Dataset split strategy
The ADNI dataset (n = 500) was split into training, validation, and test sets using stratified sampling to maintain class balance across the AD, MCI, and CN categories. Approximately 70% of the data (350 samples: 76 AD, 143 MCI, 131 CN) were allocated for training, 15% (75 samples: 16 AD, 31 MCI, 28 CN) for validation, and 15% (75 samples: 17 AD, 30 MCI, 28 CN) for testing. Stratification ensured proportional representation of each class in all sets, reflecting the original distribution (22% AD, 41% MCI, 37% CN) to prevent bias in model evaluation.

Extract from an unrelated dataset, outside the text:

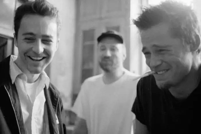 11. Эдвард Нортон, Дэвид Финчер и Брэд Питт на съемках «Бойцовского клуба»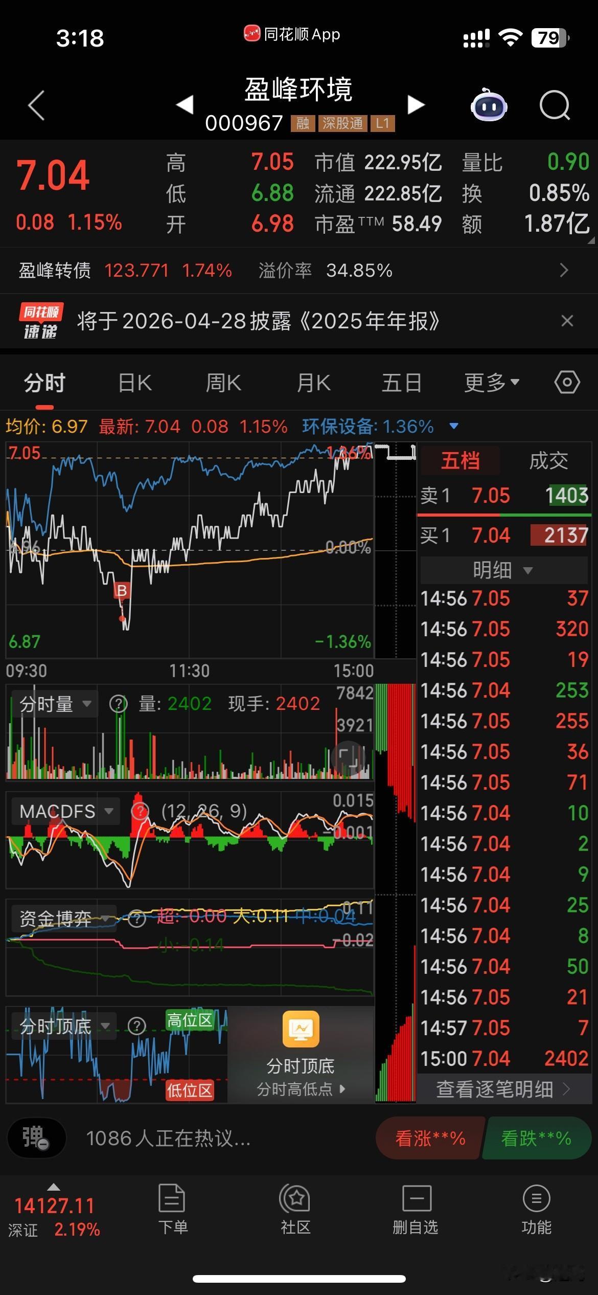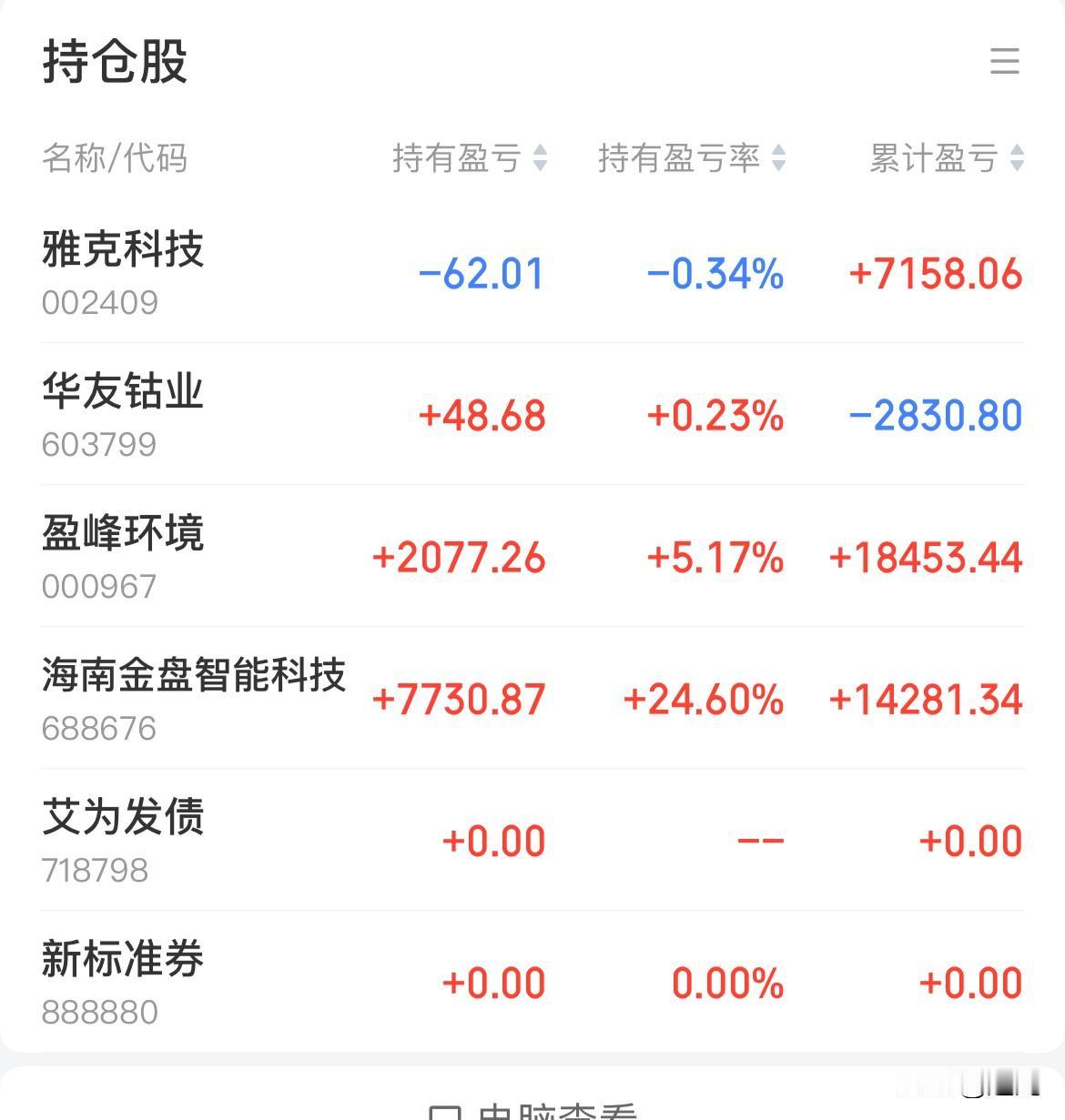 好长时间没有更新炒股动态了。每天更新感觉有点疲了。翻来覆去就是这些内容。以后每月不定期更新几次算了😐。本月已经过去2个交易日了。昨天大跌我是盈利的,今天大涨我是小盈利,主要是仓位较低。目前手上4个股票。盈峰今天低点第二次加仓,股数来到了6千。金盘4百股,雅克和华友是2万左右的市值。今年前两个月都是红盘,算了下应该是连续9个月盈利。虽然赚得不多贵在稳定。秘诀是分仓买入,高抛低吸,感觉形势不对,跑得比兔子还快[捂脸]

This split was implemented using a random sampling method with a fixed seed for reproducibility, and 5-fold cross-validation was further applied on the training set to tune hyperparameters and assess model stability across different data partitions.
Computing infrastructure
All experiments were conducted on a workstation running Ubuntu 22.04 LTS (64-bit). The hardware configuration included an Intel® Core™ i7-12700K CPU @ 3.60 GHz, 32 GB RAM, and a single NVIDIA RTX 3080 GPU with 10 GB VRAM. The deep learning models were implemented in Python 3.10 using TensorFlow 2.10 and PyTorch 2.1. Additional libraries, including scikit-learn 1.3, NumPy 1.26, and OpenCV 4.8, were utilized for data processing and evaluation.
Evaluation method
The evaluation protocol included:
Baseline Comparisons: The UNet++(SA)–MFO Framework was compared with standard single-modal models, simple and weighted voting ensembles, and existing multimodal frameworks.

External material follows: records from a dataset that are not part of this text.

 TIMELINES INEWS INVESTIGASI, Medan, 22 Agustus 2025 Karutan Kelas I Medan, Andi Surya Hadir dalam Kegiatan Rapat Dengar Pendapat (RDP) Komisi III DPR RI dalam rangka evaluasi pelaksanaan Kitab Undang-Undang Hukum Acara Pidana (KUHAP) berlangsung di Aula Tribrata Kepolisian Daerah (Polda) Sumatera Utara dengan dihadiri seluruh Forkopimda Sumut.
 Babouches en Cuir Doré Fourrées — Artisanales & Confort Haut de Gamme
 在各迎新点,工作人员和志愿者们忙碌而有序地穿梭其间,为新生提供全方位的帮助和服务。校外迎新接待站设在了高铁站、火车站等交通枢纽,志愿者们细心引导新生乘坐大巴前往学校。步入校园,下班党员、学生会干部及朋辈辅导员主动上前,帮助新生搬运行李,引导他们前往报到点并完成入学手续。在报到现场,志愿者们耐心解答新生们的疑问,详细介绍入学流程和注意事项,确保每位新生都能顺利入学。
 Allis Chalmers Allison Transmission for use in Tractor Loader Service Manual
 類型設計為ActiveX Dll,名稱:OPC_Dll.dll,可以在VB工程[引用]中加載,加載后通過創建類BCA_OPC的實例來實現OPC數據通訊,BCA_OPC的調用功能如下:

Ablation Studies: Ablation experiments were conducted to assess the effect of each modality, feature fusion, self-attention, Moth Flame Optimization, and ensemble learning.
Comparison with and without Ensembles: The performance of the framework with and without ensemble methods was explicitly evaluated to quantify improvements in robustness and accuracy.
To mitigate the risk of overfitting due to the relatively small sample size (n = 500) and the complexity of the UNet++_(SA)–MFO framework, several strategies were employed. First, a 5-fold cross-validation was implemented, ensuring that the model was trained and validated on different subsets of the ADNI dataset, with each fold maintaining a balanced distribution of AD, MCI, and CN classes. This approach helped assess the model’s generalization across unseen data splits. Second, regularization techniques such as dropout (rate = 0.3) were integrated into the UNet++ architecture at dense layers and attention gates to prevent over-reliance on specific features. Additionally, L2 weight regularization (lambda = 0.01) was applied to the convolutional layers to constrain model complexity. Third, data augmentation techniques, including random rotation (±10 degrees), flipping, and intensity scaling (±10%), were applied to MRI and PET images during training to artificially increase dataset variability and enhance robustness. These combined methods ensured that the model did not overfit to the training data, as evidenced by stable validation performance metrics across folds (e.g., validation accuracy within ±2% of training accuracy).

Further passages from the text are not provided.